Data records:
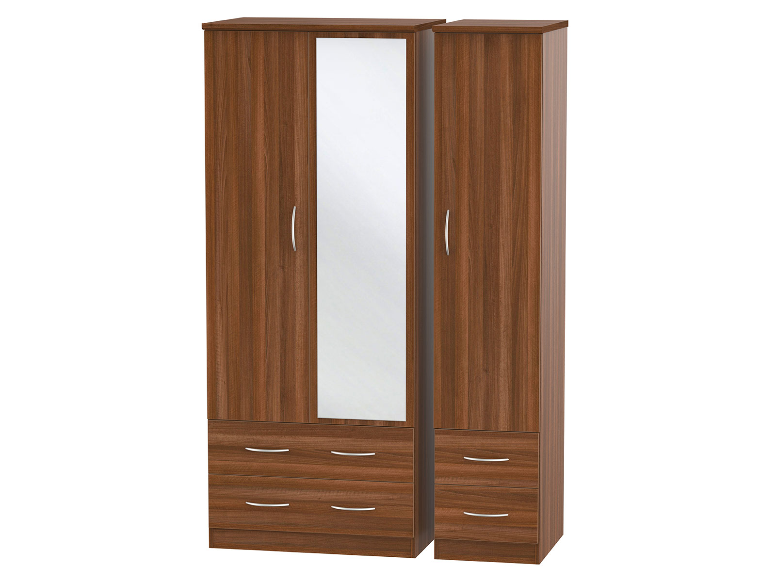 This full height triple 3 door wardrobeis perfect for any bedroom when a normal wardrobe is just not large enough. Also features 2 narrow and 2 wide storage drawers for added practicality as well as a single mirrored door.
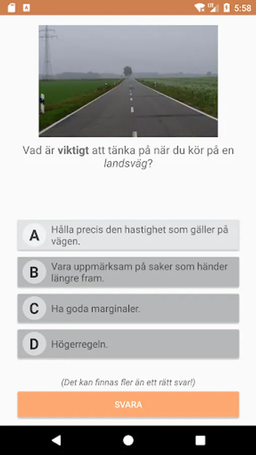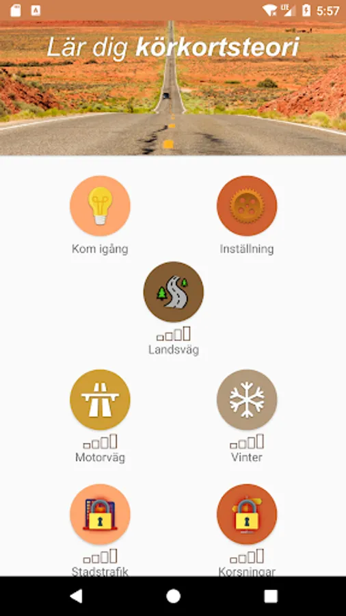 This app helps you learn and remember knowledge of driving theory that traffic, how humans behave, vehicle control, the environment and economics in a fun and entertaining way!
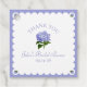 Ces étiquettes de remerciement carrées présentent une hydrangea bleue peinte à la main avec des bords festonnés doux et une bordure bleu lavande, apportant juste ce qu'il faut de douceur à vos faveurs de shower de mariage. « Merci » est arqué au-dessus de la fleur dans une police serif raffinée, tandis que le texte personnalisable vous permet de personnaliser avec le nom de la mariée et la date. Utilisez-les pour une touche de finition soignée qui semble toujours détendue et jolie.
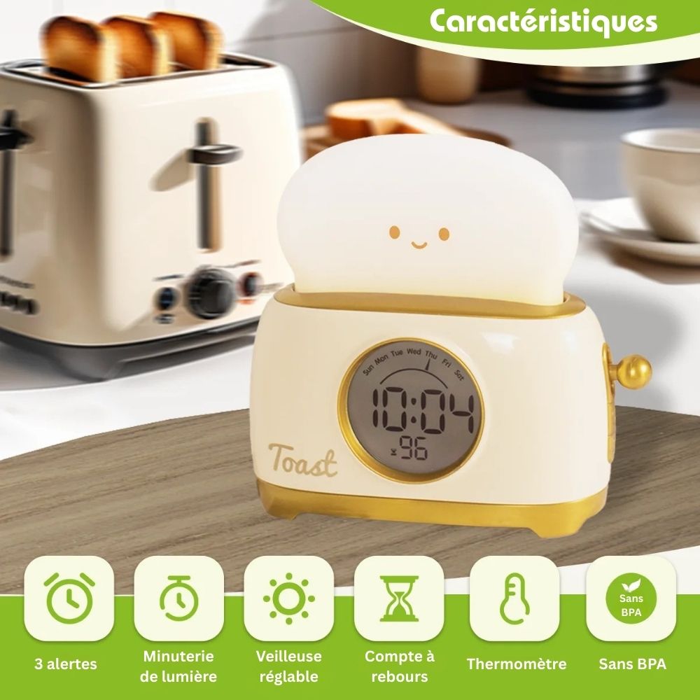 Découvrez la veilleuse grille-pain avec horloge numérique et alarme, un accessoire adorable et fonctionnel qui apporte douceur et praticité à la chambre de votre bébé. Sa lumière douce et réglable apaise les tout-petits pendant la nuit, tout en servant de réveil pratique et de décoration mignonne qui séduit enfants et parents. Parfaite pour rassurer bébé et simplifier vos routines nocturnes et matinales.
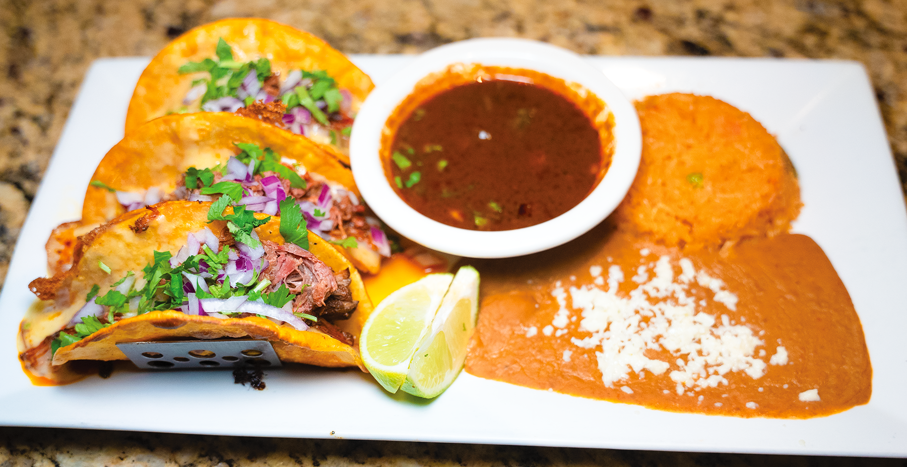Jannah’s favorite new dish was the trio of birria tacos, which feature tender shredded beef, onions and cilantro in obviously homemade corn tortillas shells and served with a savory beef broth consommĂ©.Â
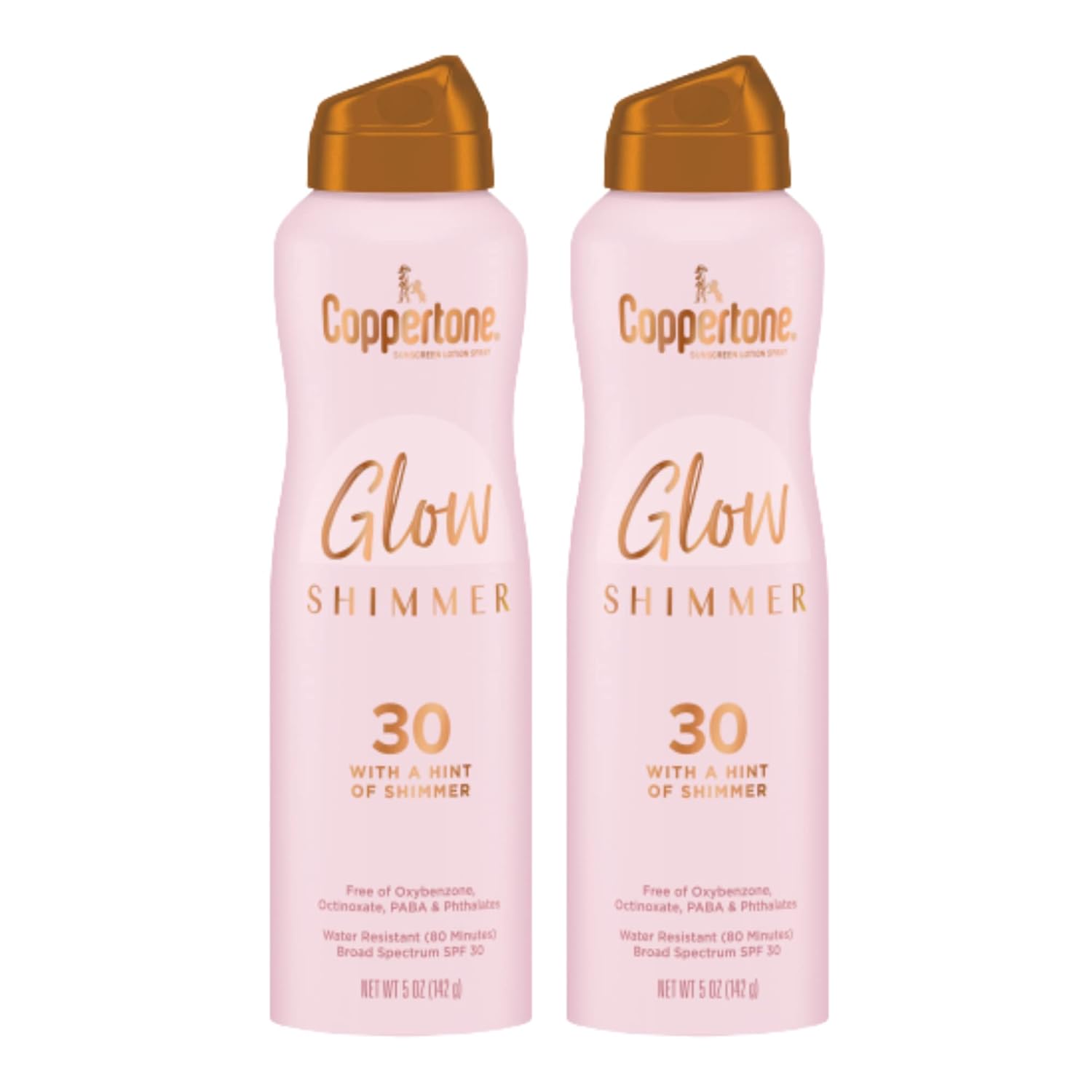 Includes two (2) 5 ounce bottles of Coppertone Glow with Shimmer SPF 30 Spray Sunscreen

Work instructions:
Begin at the line containing "Jannah’s favorite new" and stop at the last line of the data. Repeat only those lines, exactly, and leave out the pictures.

Answer space:
Jannah’s favorite new dish was the trio of birria tacos, which feature tender shredded beef, onions and cilantro in obviously homemade corn tortillas shells and served with a savory beef broth consommĂ©.Â
 Includes two (2) 5 ounce bottles of Coppertone Glow with Shimmer SPF 30 Spray Sunscreen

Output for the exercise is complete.